8:00 am - 4:30 pm, Monday - Friday


Description
  1. Primary Objectives
    • To evaluate the safety, tolerability, and dose limiting toxicities (DLTs) of AVL-292 when administered orally (PO) QD or BID as monotherapy to subjects with relapsed or refractory B-Non Hodgkin Leukemia (B-NHL), chronic lymphocytic leukemia (CLL), or Waldenstrom's macroglobulinemia (WM)
    • To establish the recommended Phase 2 dose (RP2D) of AVL-292 when administered QD or BID to such subjects
  2. Secondary Objectives
    • To evaluate the pharmacokinetics PK of AVL-292 in subjects with relapsed and/or refractory B-NHL, CLL, or WM
    • To evaluate the pharmacodynamic PD of AVL-292 in these subjects by measurement of free Bruton's tyrosine kinase (Btk) in lysates prepared from peripheral blood mononuclear cells (PBMC)
    • To characterize preliminary anti-tumor efficacy of AVL-292 against relapsed and/or refractory B-NHL, CLL, and WM
  3. Exploratory Objectives
    • To assess the effects of AVL-292 on the Btk signaling and related pathways/cell surface markers in tumor tissue and peripheral blood B cells
    • To assess the effects of AVL-292 on serum levels of soluble markers, such as chemokine (C-C motif) ligands 3 and 4 (CCL3 and CCL4)

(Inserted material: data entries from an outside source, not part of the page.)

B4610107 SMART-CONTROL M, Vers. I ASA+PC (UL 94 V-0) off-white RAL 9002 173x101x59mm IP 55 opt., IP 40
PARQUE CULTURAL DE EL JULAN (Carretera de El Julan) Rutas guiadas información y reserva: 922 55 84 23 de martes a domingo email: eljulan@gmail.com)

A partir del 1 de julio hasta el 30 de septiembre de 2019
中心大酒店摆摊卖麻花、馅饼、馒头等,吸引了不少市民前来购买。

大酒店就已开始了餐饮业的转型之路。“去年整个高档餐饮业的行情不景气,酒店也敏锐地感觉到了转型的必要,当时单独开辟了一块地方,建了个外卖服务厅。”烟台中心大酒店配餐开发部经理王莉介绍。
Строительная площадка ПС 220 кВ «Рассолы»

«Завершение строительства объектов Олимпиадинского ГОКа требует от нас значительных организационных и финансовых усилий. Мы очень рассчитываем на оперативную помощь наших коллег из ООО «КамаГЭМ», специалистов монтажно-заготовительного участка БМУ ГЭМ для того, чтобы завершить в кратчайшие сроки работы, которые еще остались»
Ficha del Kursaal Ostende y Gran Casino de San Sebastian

    • To assess directly in tumor tissue, eg, lymph nodes, the degree of occupancy of Btk by AVL-292
    • To evaluate the mutational status and gene expression profile of study subjects before and after treatment with CC-292 with particular attention to the Btk gene and other genes involved in B-cell receptor (BCR) and related cell signaling pathways

Inclusion Criteria
  1. Women and men ≥ 18 years of age willing and able to participate in all AVL-292-003 clinical study directed activities as defined in the protocol.
  2. Willing and able to sign written informed consent.
  3. Body weight ≥ 50 kg.
  4. Confirmed diagnosis of B-NHL (according to the World Health Organization [WHO] classification) including CLL/SLL (International Workshop), or WM (Second International Workshop) by investigator assessment.

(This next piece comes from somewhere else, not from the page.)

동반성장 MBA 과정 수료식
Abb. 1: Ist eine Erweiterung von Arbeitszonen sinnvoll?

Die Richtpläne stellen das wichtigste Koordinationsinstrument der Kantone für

    • The original diagnostic biopsy and/or other diagnostic datasets (eg, cell marker data) will ordinarily suffice. However, current re-biopsy is mandatory in those situations where new clinical features such as marked acceleration of tumor growth or new appearance of severe B symptoms suggest a possibility of histological transformation.
    • Subjects with low grade B-NHL, CLL, or WM which has transformed into high grade lymphoma of the diffuse large cell type (Richter's transformation) are eligible to enroll provided they meet all of the other inclusion/exclusion criteria including Easterm Cooperative Oncology Group Performance Scale (ECOG PS) ≤ 2 and expected 3 month life expectancy. These subjects should enroll as DLBCL.

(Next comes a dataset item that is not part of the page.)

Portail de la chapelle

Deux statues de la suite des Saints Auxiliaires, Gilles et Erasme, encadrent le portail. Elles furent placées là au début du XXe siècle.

    • For subjects with DLBCL, submission of a Formalin-Fixed Paraffin Embedded (FFPE) tumor block or 20 unstained slides from a fresh biopsy or an archival specimen of their lymphoma is required. These samples are required for all DLBCL subjects. During screening site must confirm the existence of pathology material. Within 86 weeks the pathology sample must be provided to LabCorp Clinical Trials (as described in the study-specific lab manual). These samples must be submitted even if the subject is already discontinued from the study.
  5. B cell NHL with bi-dimensional measurable disease ≥ 2 cm diameter; or CLL with ≥ 5000 leukemia cells/mm3: CD5+; CD19+; CD20 dim; CD23+; sIg dim; or WM with monoclonal serum IgM ≥ 2x upper limit of normal (ULN) and with lymphoplasmacytic marrow cell infiltrate: sIgM+; CD19+; CD20+; CD22+; CD79+
    • Note for subjects with CLL: Variations of the intensity of expression of these lymphocyte surface markers may exist and do not prevent inclusion of a subject in this clinical trial. For example, CD23 may be variably positive. If CD23 is negative, mantle cell lymphoma must be ruled out by negative t(11;14) or absence of cyclin D1 staining by IHC.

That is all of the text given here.